Records to process ▸
********

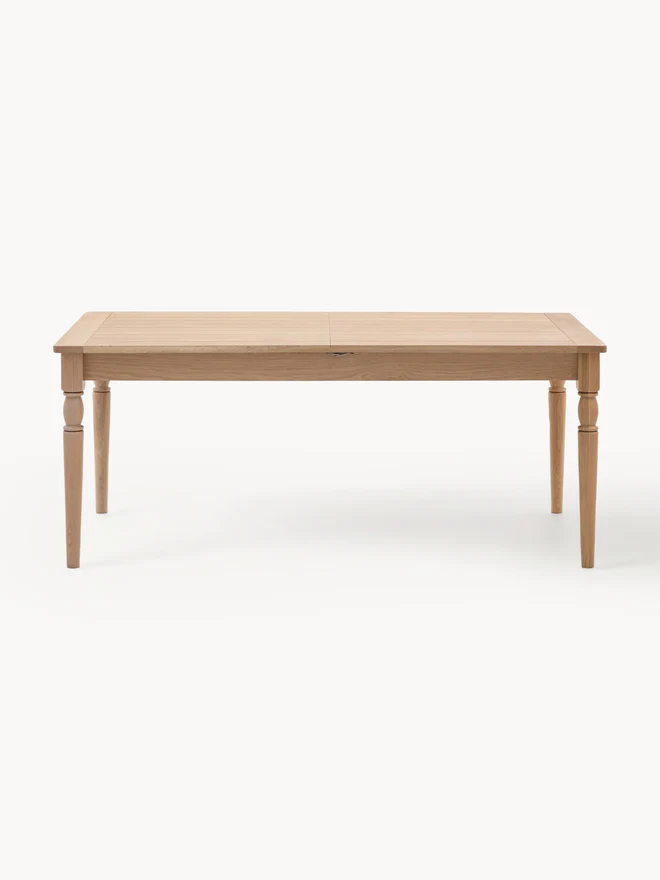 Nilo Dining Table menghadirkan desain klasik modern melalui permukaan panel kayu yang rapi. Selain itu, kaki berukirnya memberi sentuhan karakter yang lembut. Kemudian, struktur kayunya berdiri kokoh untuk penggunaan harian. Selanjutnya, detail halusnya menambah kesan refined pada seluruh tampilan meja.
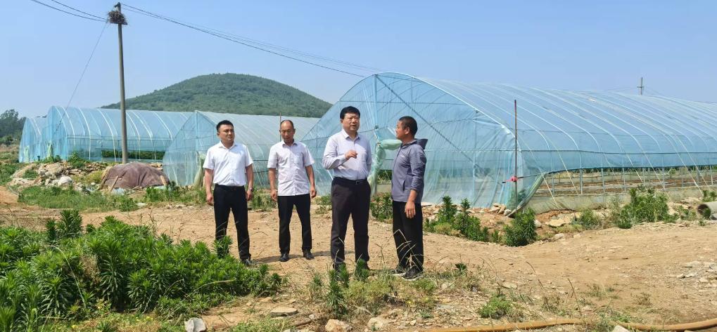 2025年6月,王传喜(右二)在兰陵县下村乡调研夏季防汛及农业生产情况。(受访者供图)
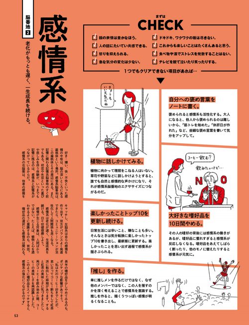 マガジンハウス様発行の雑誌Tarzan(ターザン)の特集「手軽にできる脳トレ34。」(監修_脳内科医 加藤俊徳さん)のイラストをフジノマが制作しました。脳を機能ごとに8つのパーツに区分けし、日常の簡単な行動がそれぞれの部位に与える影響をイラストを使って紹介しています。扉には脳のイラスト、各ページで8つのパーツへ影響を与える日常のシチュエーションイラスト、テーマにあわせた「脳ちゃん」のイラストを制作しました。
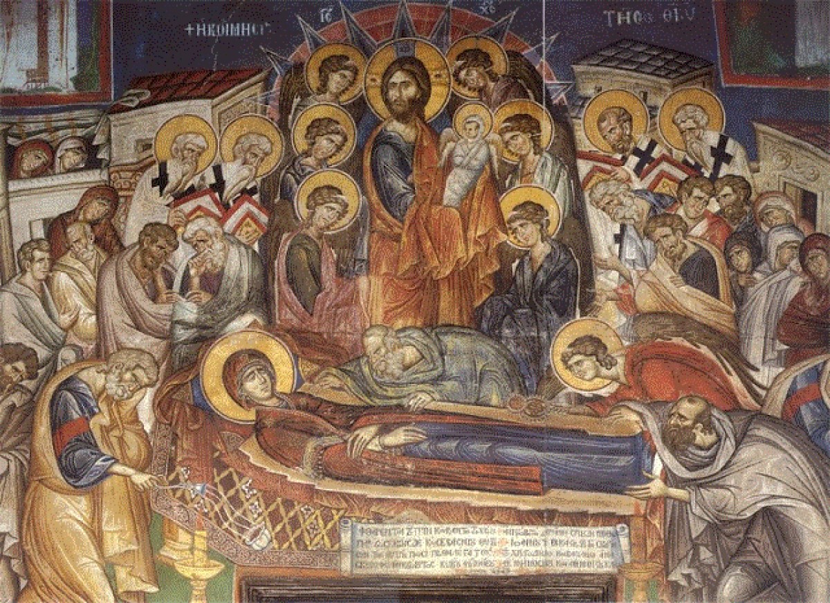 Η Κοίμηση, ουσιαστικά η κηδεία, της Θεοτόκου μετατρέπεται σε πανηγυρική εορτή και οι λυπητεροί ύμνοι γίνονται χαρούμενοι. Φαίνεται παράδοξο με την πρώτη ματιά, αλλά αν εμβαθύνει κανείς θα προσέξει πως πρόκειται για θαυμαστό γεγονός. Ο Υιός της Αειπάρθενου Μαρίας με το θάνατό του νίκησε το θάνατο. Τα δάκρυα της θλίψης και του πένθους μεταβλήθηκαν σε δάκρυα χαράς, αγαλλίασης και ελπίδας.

********

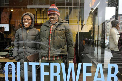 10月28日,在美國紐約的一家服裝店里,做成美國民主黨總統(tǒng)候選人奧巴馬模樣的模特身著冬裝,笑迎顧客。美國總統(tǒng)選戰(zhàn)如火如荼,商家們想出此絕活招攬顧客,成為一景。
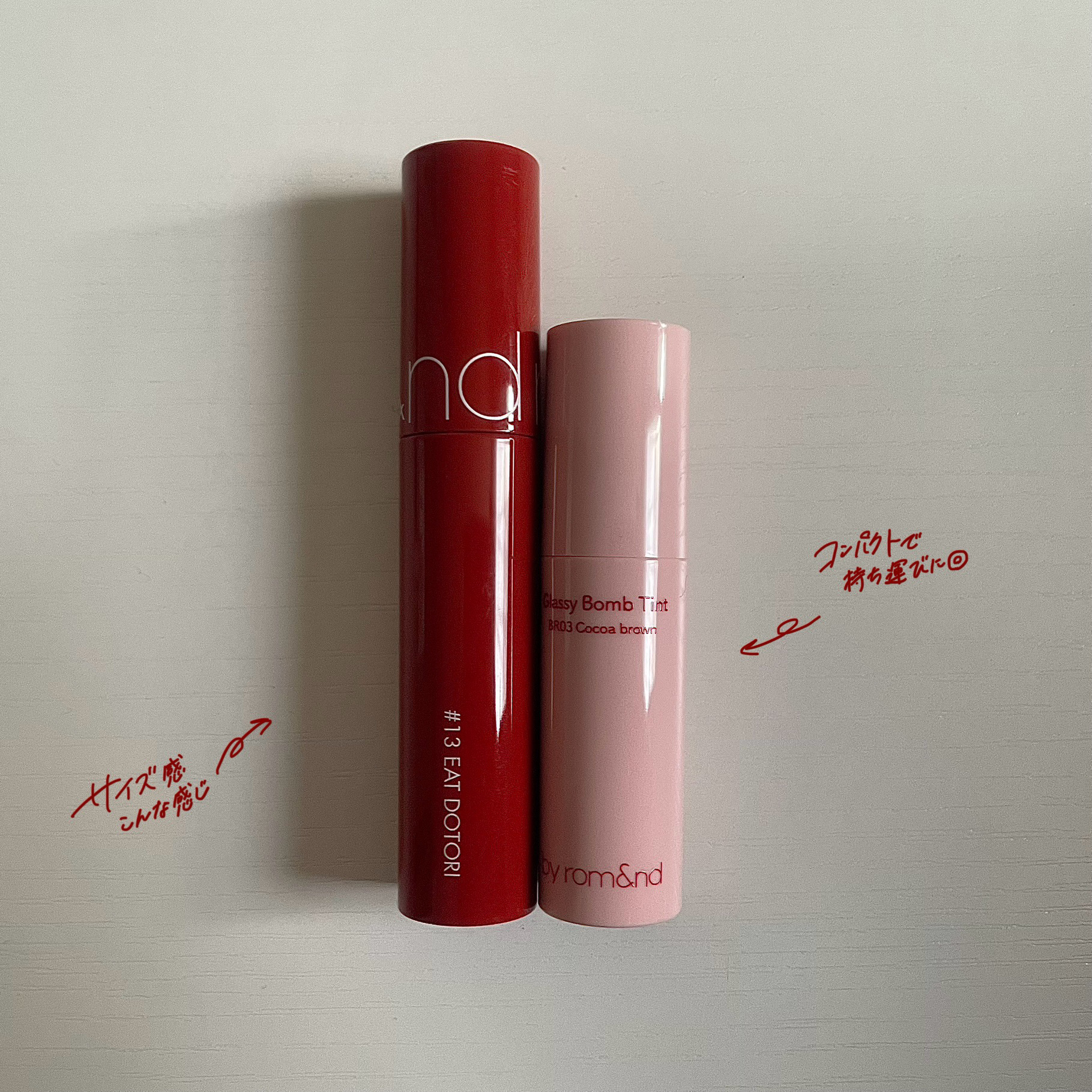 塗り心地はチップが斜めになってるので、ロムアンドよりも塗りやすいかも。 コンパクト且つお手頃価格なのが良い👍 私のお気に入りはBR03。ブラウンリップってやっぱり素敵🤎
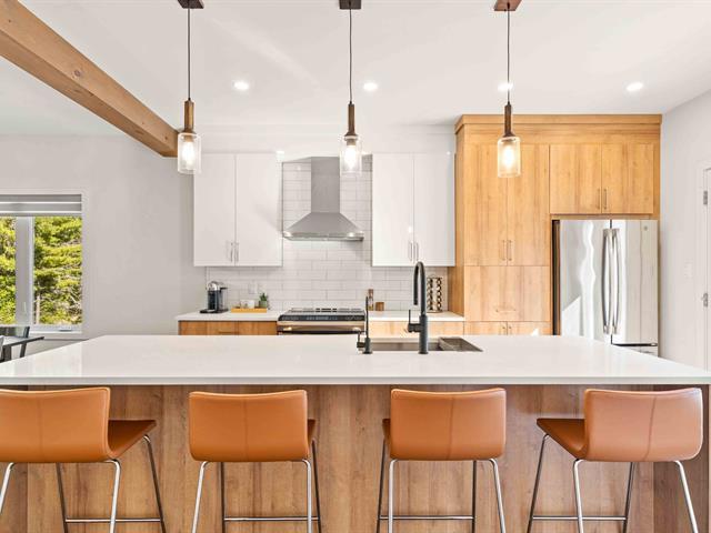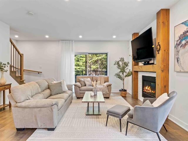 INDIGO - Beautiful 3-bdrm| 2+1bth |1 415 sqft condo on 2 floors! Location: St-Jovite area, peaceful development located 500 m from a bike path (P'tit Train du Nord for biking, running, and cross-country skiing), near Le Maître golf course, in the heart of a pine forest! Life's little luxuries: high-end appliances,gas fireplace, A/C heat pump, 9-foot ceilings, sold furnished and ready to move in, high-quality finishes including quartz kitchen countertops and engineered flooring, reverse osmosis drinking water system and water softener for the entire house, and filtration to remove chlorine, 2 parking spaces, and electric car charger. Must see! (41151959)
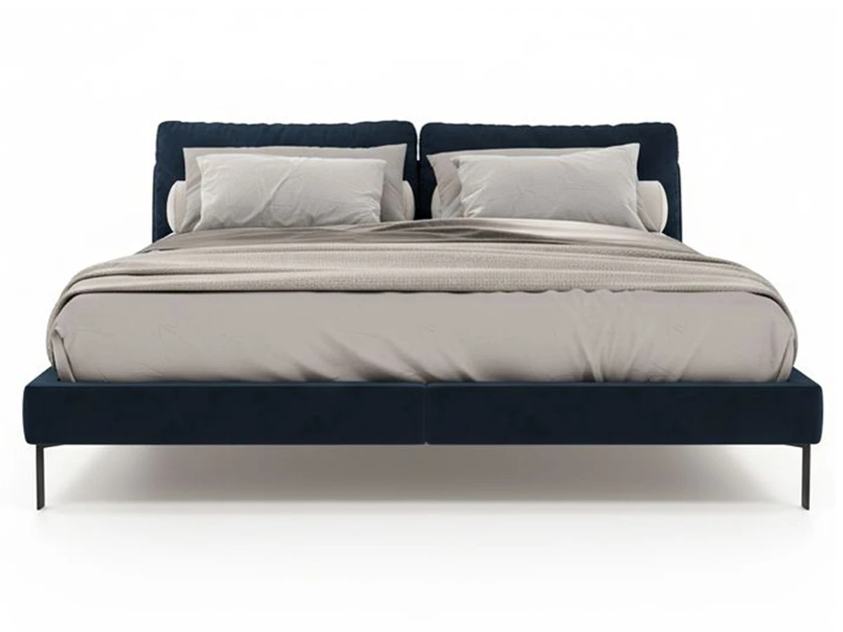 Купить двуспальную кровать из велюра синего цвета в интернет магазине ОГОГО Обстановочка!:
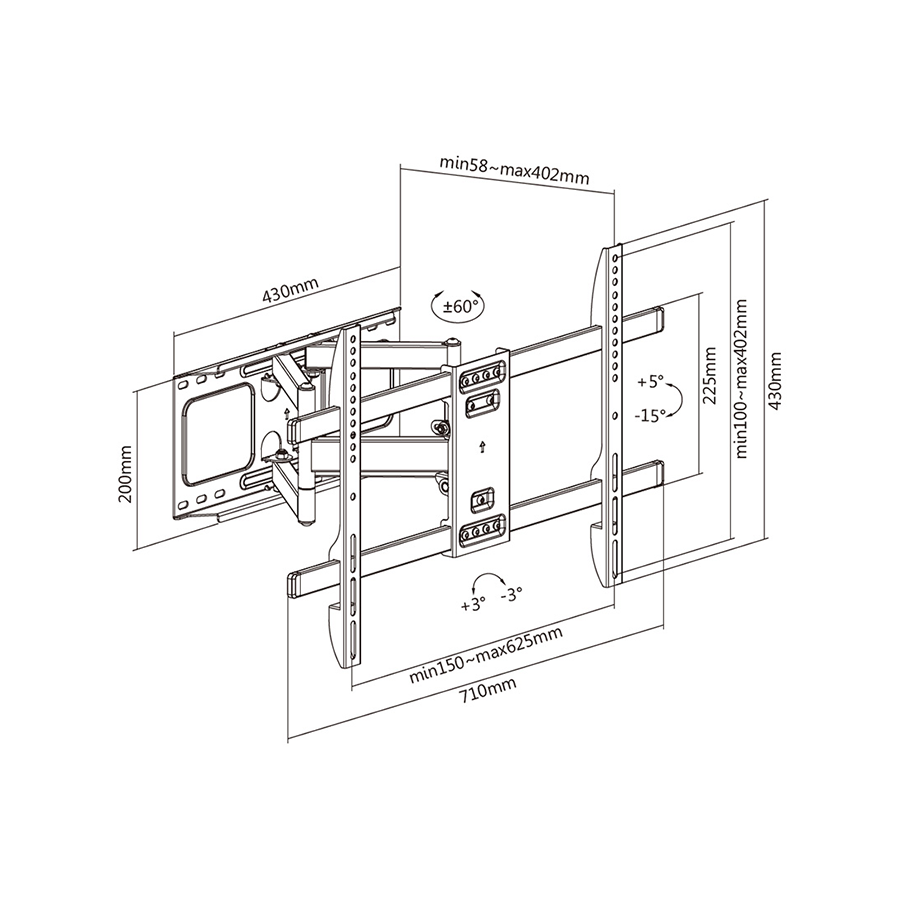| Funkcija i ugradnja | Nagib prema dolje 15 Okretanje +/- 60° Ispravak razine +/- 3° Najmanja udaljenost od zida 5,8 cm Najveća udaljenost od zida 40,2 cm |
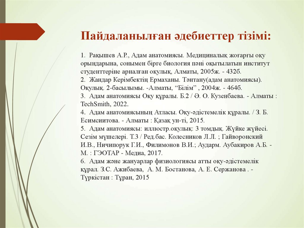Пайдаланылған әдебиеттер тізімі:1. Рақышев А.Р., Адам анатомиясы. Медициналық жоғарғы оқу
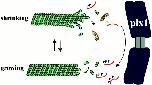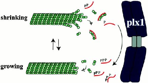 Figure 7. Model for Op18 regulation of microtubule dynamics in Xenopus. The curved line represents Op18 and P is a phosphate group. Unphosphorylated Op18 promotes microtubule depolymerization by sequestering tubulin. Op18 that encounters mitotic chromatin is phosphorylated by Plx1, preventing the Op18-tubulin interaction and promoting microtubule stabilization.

********

Only the lines starting at the one with "Nilo Dining Table" and ending at the one with "Η Κοίμηση, ουσιαστικά" should be printed, each exactly as it appears in the material above; the pictures are to be omitted.

Output for this exercise ▸
 Nilo Dining Table menghadirkan desain klasik modern melalui permukaan panel kayu yang rapi. Selain itu, kaki berukirnya memberi sentuhan karakter yang lembut. Kemudian, struktur kayunya berdiri kokoh untuk penggunaan harian. Selanjutnya, detail halusnya menambah kesan refined pada seluruh tampilan meja.
 2025年6月,王传喜(右二)在兰陵县下村乡调研夏季防汛及农业生产情况。(受访者供图)
 マガジンハウス様発行の雑誌Tarzan(ターザン)の特集「手軽にできる脳トレ34。」(監修_脳内科医 加藤俊徳さん)のイラストをフジノマが制作しました。脳を機能ごとに8つのパーツに区分けし、日常の簡単な行動がそれぞれの部位に与える影響をイラストを使って紹介しています。扉には脳のイラスト、各ページで8つのパーツへ影響を与える日常のシチュエーションイラスト、テーマにあわせた「脳ちゃん」のイラストを制作しました。
 Η Κοίμηση, ουσιαστικά η κηδεία, της Θεοτόκου μετατρέπεται σε πανηγυρική εορτή και οι λυπητεροί ύμνοι γίνονται χαρούμενοι. Φαίνεται παράδοξο με την πρώτη ματιά, αλλά αν εμβαθύνει κανείς θα προσέξει πως πρόκειται για θαυμαστό γεγονός. Ο Υιός της Αειπάρθενου Μαρίας με το θάνατό του νίκησε το θάνατο. Τα δάκρυα της θλίψης και του πένθους μεταβλήθηκαν σε δάκρυα χαράς, αγαλλίασης και ελπίδας.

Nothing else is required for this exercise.